= Henrietta Marie Colden =

Henrietta Marie Bethune Colden (1745–1800) was a Scottish salon holder from Isle of Man.

==Early life==
Henrietta Marie Bethune was born in Scotland in 1745 and lived in the Isle of Man before she and her husband emigrated to America.

==Personal life==
She married Richard Nicholls Colden (1845–1777) in the Isle of Man while he was with his regiment there. Colden served for the 42nd Royal Highlanders and died in 1777. Richard was the eldest son of Elizabeth (née Nicholls) Colden and Alexander Colden, a politician, and a grandson of Cadwallader Colden, a colonial governor of the Province of New York. Together, they were the parents of two sons before his death:

- Cadwallader R. Colden, who became the editor of the U.S. Sporting Magazine, published in New York, in 1835–6.
- Alexander Colden.

After Colden's death, she returned to Scotland with her sons where they were educated at a school near Lancaster, England before returning to the United States after the Revolutionary War.

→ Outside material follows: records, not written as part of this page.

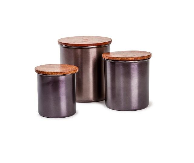 Juego de 3 recipientes chapados en color negro puro de diseño antiguo con diseño Premium y gran calidad a un precio muy asequible
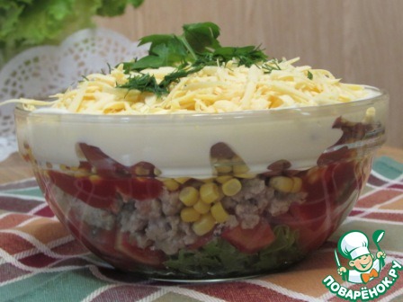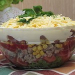 Этот салат - вариация по мотивам знаменитого блюда Чили кон карне, но в холодном варианте. Для большой компании на пикник или для праздничного стола жарким летним днем - просто взрыв вкуса! Попробуйте - это мега вкусно! Приготовление не занимает много времени, а бюджетность и разнообразие красок и вкусовых акцентов порадует и Вас, и гостей!
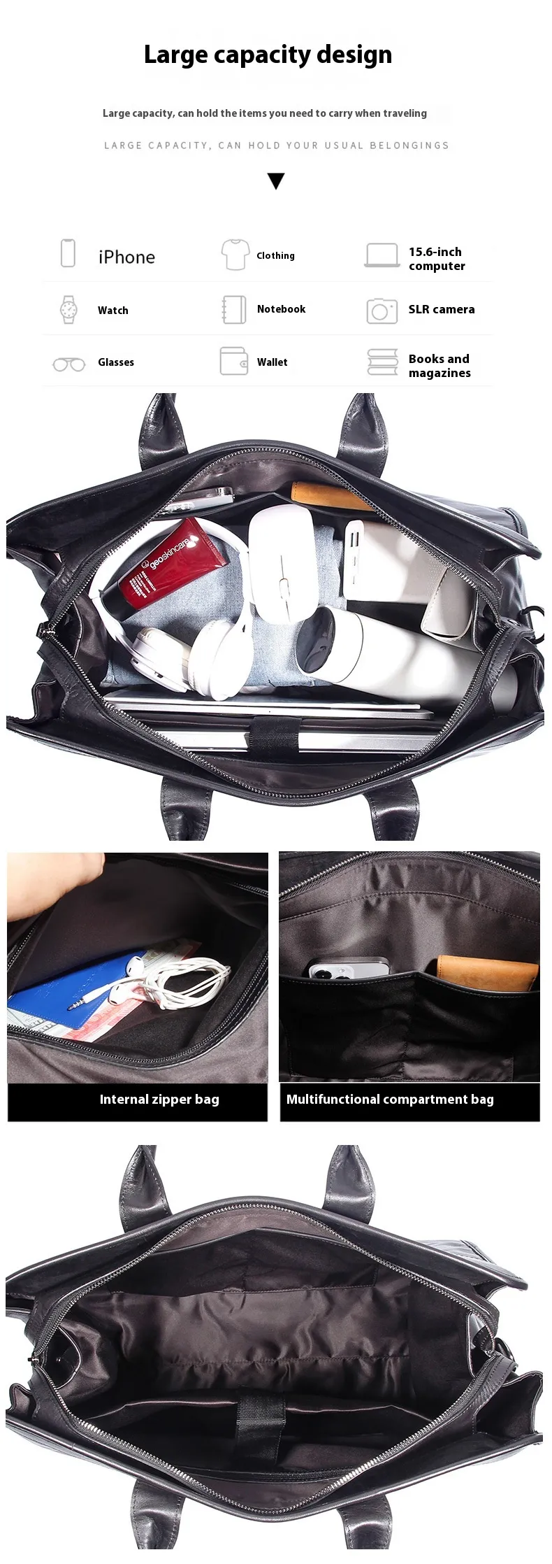 Large Capacity Genuine Leather Travel Luggage Bag Cowhide Handbag
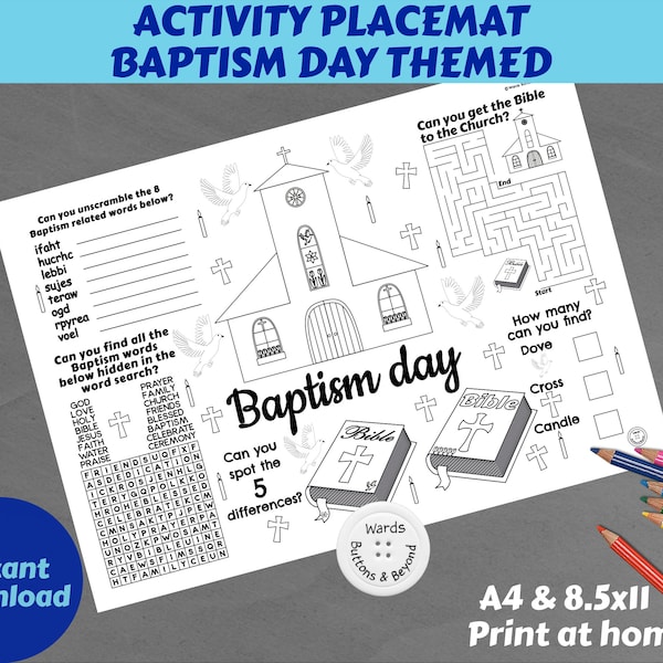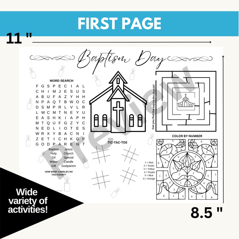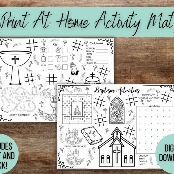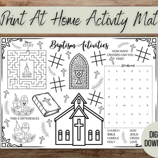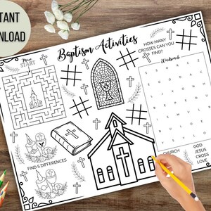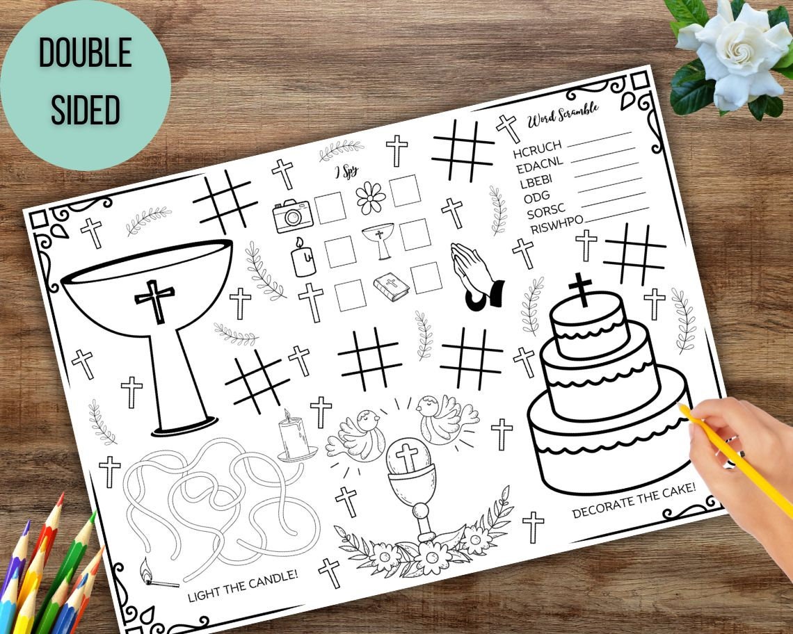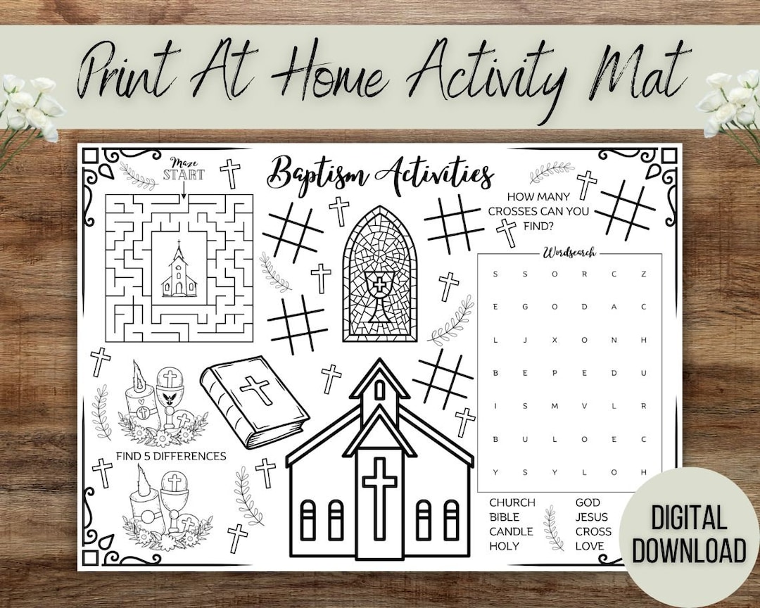 Baptism Printable Activity Sheet Placemat Fun Activities for Etsy
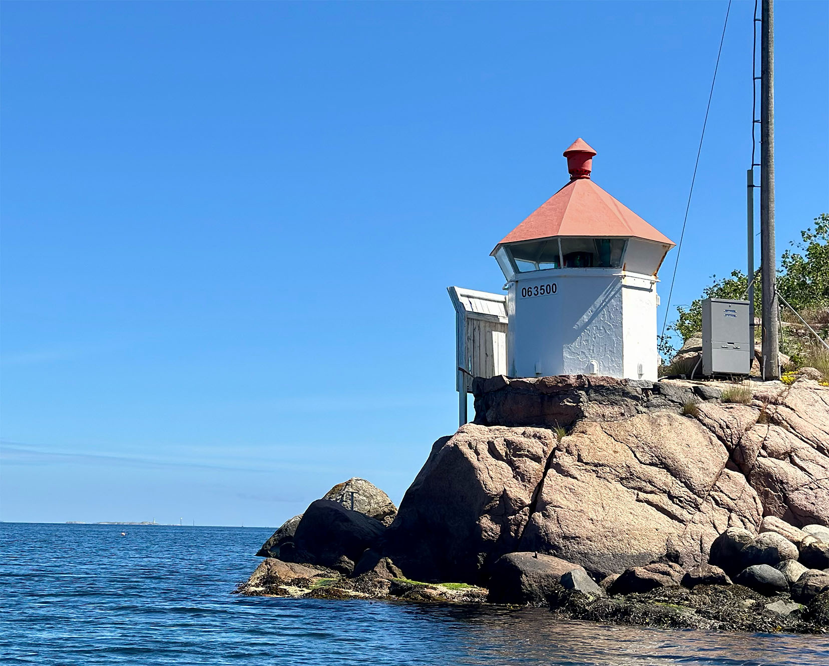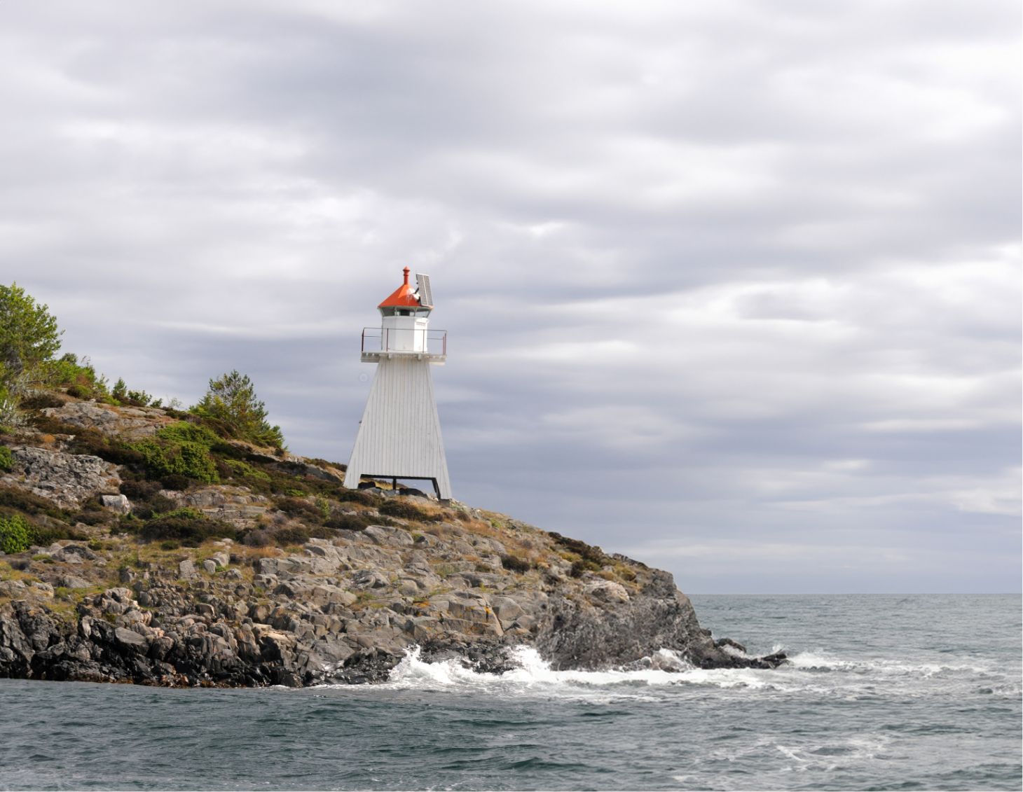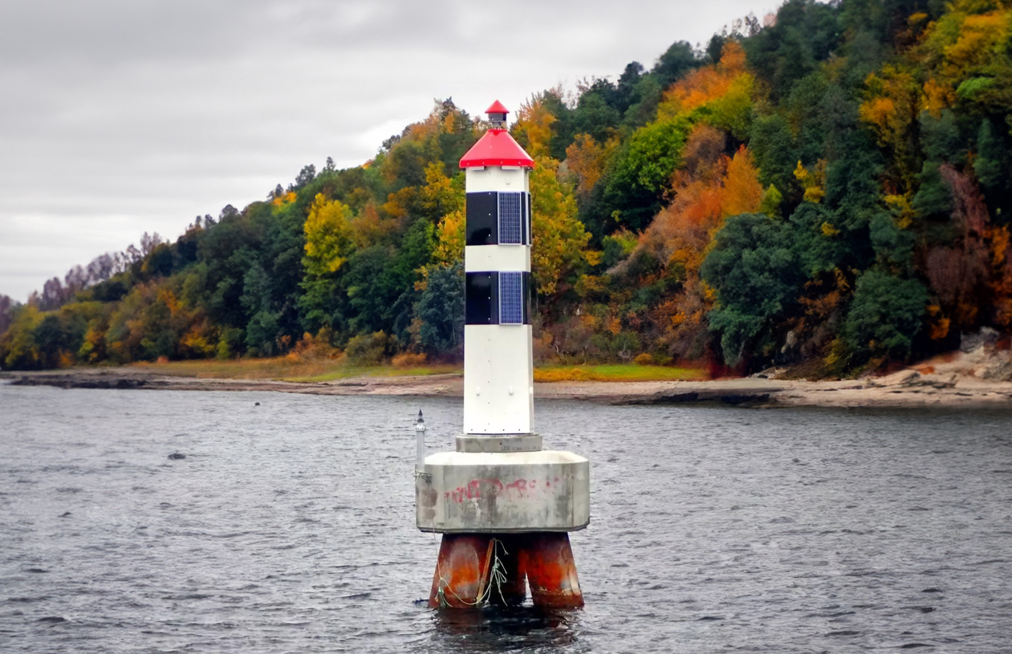 Rød - indikerer babord kant (venstre) til kanalen for fartøy som nærmer seg lyskilden
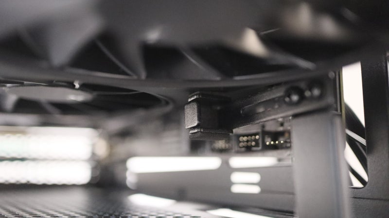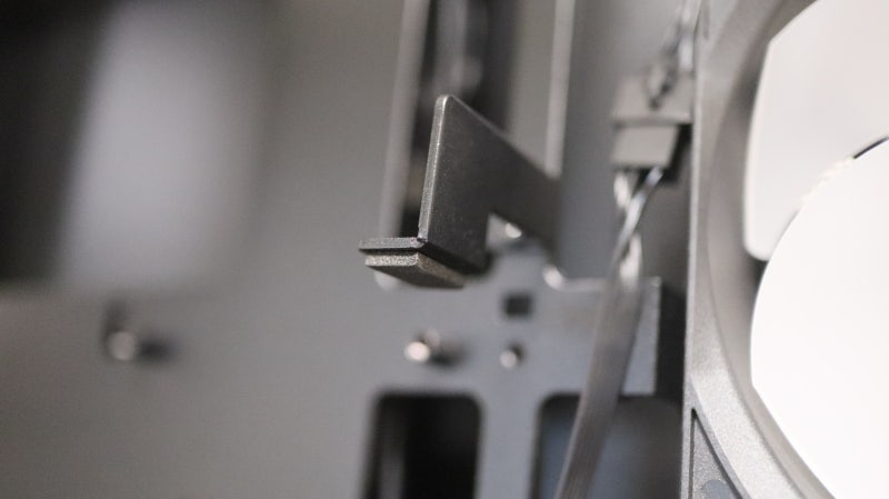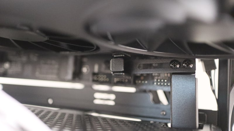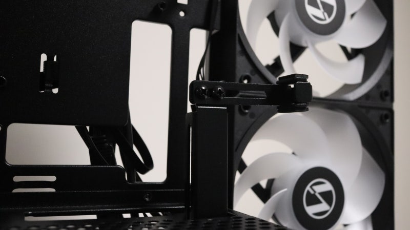 그래픽카드와 직접 맞닿는 지지대의 방향과 위치도 나사 두개를 풀어내면 꽤 큰 범위에서 조정이 가능해서 다양한 크기와 구조의 그래픽카드도 팬 간섭 걱정 없이 지지할 수 있습니다.
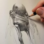 Allen is back drawing his creatures… The Cat Collector is about a 5 x 7″ drawing matted and framed into an 8 x 10″ frame.
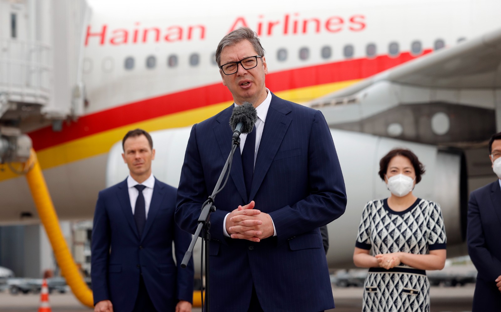 7月16日,在塞爾維亞貝爾格萊德機(jī)場,塞爾維亞總統(tǒng)武契奇在歡迎儀式上致辭。
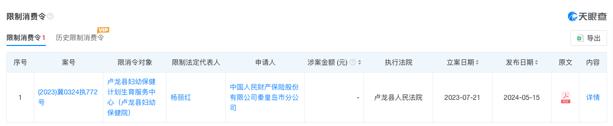 值得注意的是,卢龙县妇幼保健计划生育服务中心(卢龙县妇幼保健院)目前是被执行人,被执行总金额为12.6576万元,已被限制高消费,申请人为中国人民财产保险股份有限公司秦皇岛市分公司,执行法院为卢龙县人民法院。
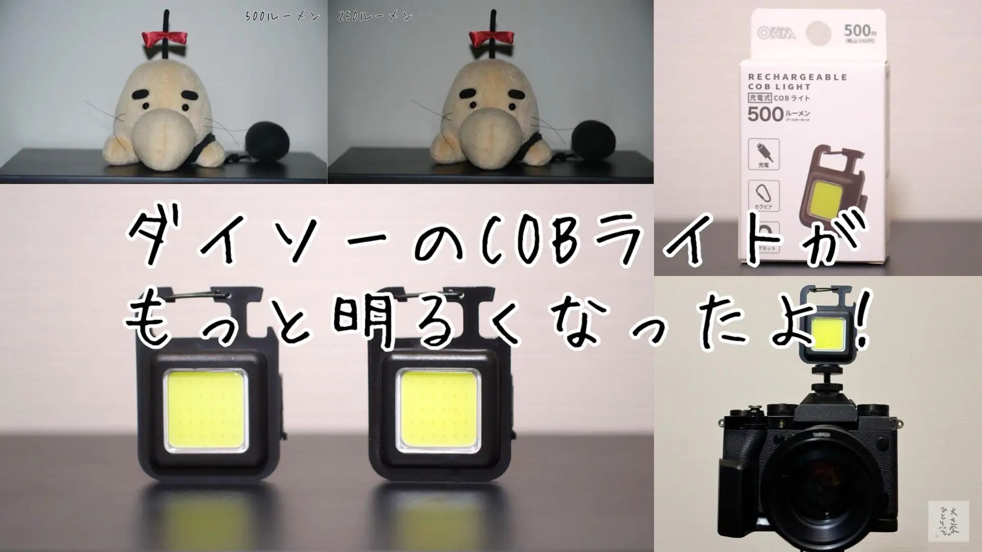 明るさ以外で気がついたところとしては光の色が250ルーメンのモデルは黄色っぽくて500ルーメンの方は白って感じでした。最近のカメラならホワイトバランスを自動で合わせてくれるのでそこまで気にならないかもしれないけどね。
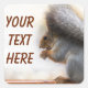 Pegatina Cuadrada Ardilla en un banco y algunas nueces
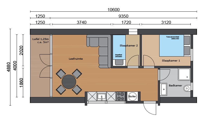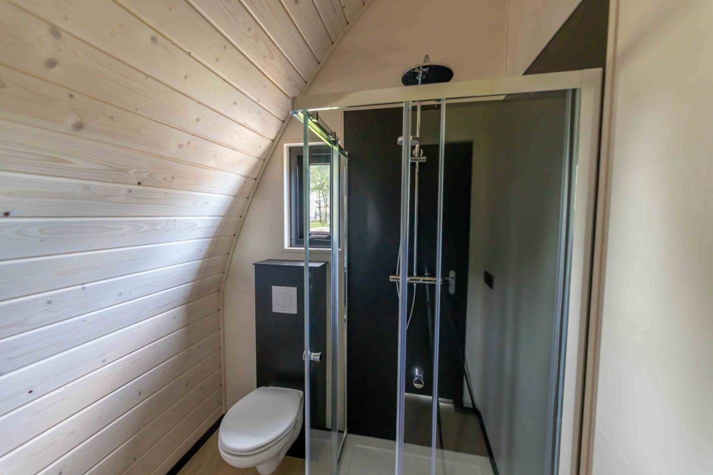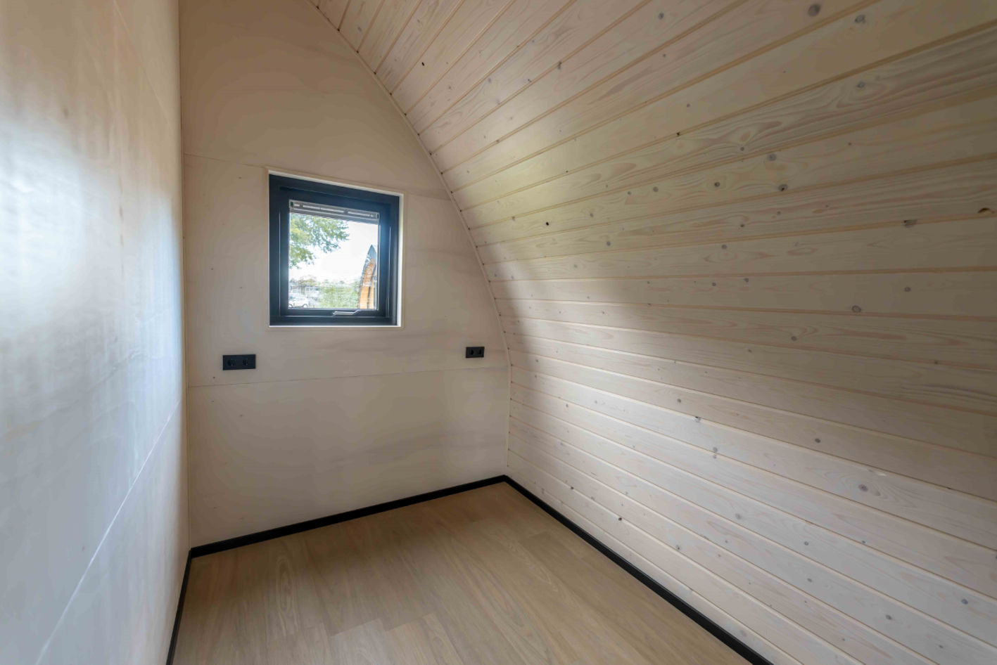 De pod bestaat uit vier ruimtes; het leefgedeelte met keuken, de badkamer, een 2-persoons slaapkamer en een slaapkamer met stapelbed. Naast de keuken is een extra toegangsdeur,
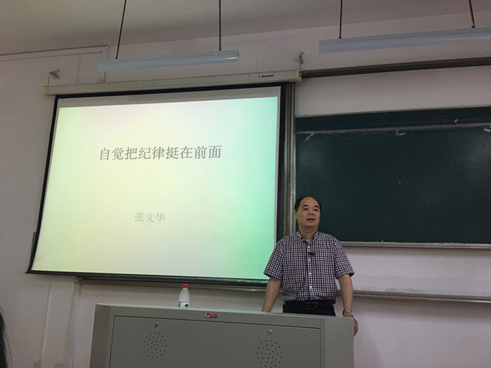 517日下午,校纪委书记张文华应邀到437ccm必赢国际官方网站作题为“自觉把纪律挺在前面”的廉政纪律教育专题报告。437ccm必赢国际官方网站党委书记邵燕主持报告会,全体教职工参加报告会。
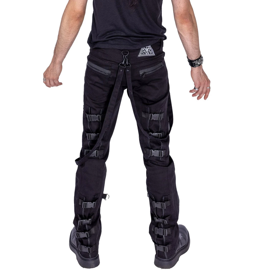 The Diego Pants by Chemical Black are slim fit pants with black straps, zipper accents, and clips on the back of the legs and detachable straps.
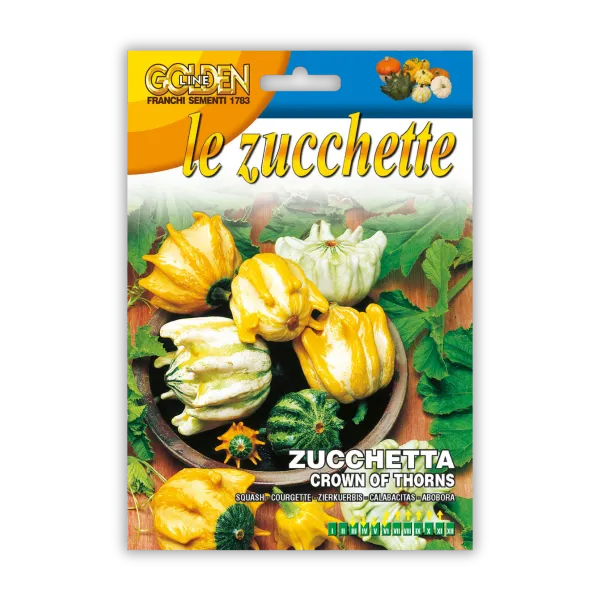 Enoletna okrasna buča Turkish Turban s plodovi značilne oblike turbana. Idealna za okrasne aranžmaje in dolgo obstojna po obiranju.
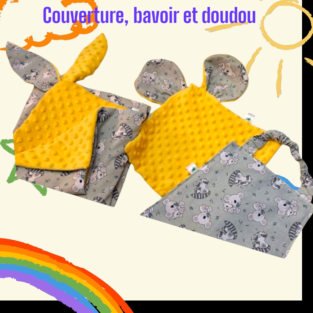 La couverture ( dimension 90cm x 107cm ) a de longue oreilles de lapin, le bavoir et le Doudou des oreilles de souris
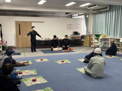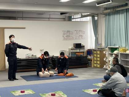 阿倍野消防署の方々より、緊急時のAEDの使い方や心肺蘇生の方法などを教えていただき、訓練を行っていました。
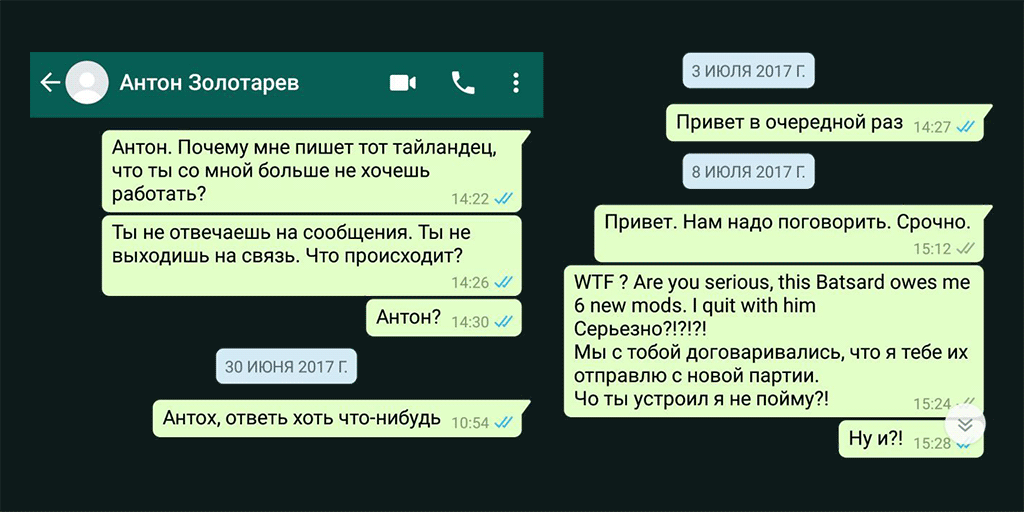 «Последний каплей», уточнил Золотарев, стал механический мод «Красус» — продолжение модельной линейки «Сварога». В апреле 2017-го предприниматель срочно заказал эти моды для вейп-выставки. Когда сроки начали поджимать, Максим сказал, что растратил деньги, предложив доплатить еще 12 тысяч рублей за экстренную доставку. «В итоге „Красусы“ обошлись мне в 11 тысяч рублей за штуку. — добавил Золотарев. — Еще и трех модов не было в посылке».
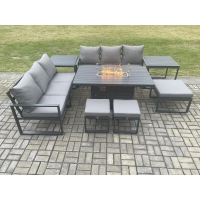 Fimous Aluminium Outdoor Lounge Sofa Garden Furniture Sets Gas Fire Pit Dining Table Set with 3 Footstools 2 Side Tables Dark Grey

In 1798, Henrietta sold a farm at New Lots in Kings County, New York to Sir James Hall of Dunglass in Scotland.

===Literary interests===
Colden was known for her different literary interests. On March 14, 1783, she wrote a letter to Benjamin Franklin, complaining about the British Government after her husband had died from a fever in 1777. On July 16, 1792, she wrote a letter to Henry Knox, the first United States Secretary of War, to Kean respecting payment to the Ohio Company.